(Exercise directions): All lines in the records below from the line with "可以看到进入页面时,是从网络" through the line with "Тщательно моем картофель" are to be given again exactly, both ends included; the pictures are to be left out.

(Information):
####

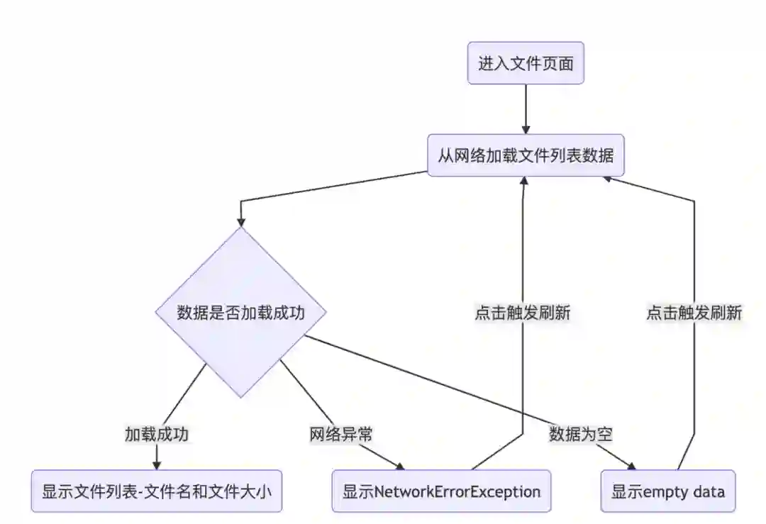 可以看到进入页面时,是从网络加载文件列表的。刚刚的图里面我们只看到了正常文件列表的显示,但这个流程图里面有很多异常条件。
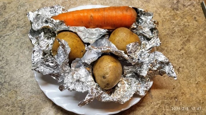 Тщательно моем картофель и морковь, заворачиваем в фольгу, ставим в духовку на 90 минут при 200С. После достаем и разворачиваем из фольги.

####

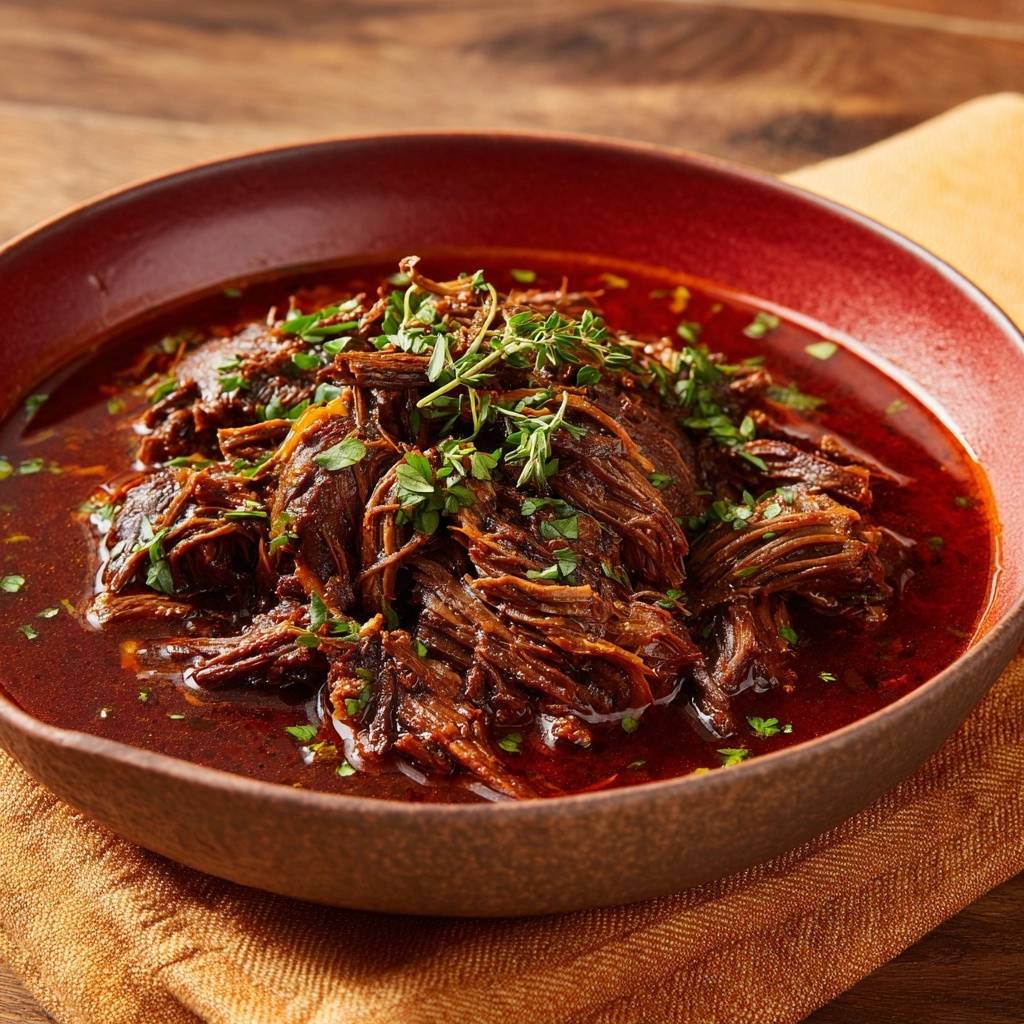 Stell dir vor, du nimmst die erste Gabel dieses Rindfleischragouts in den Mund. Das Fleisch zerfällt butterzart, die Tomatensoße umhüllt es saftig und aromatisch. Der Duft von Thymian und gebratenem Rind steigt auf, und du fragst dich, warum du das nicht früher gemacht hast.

####

(Solution to this task):
 可以看到进入页面时,是从网络加载文件列表的。刚刚的图里面我们只看到了正常文件列表的显示,但这个流程图里面有很多异常条件。
 Тщательно моем картофель и морковь, заворачиваем в фольгу, ставим в духовку на 90 минут при 200С. После достаем и разворачиваем из фольги.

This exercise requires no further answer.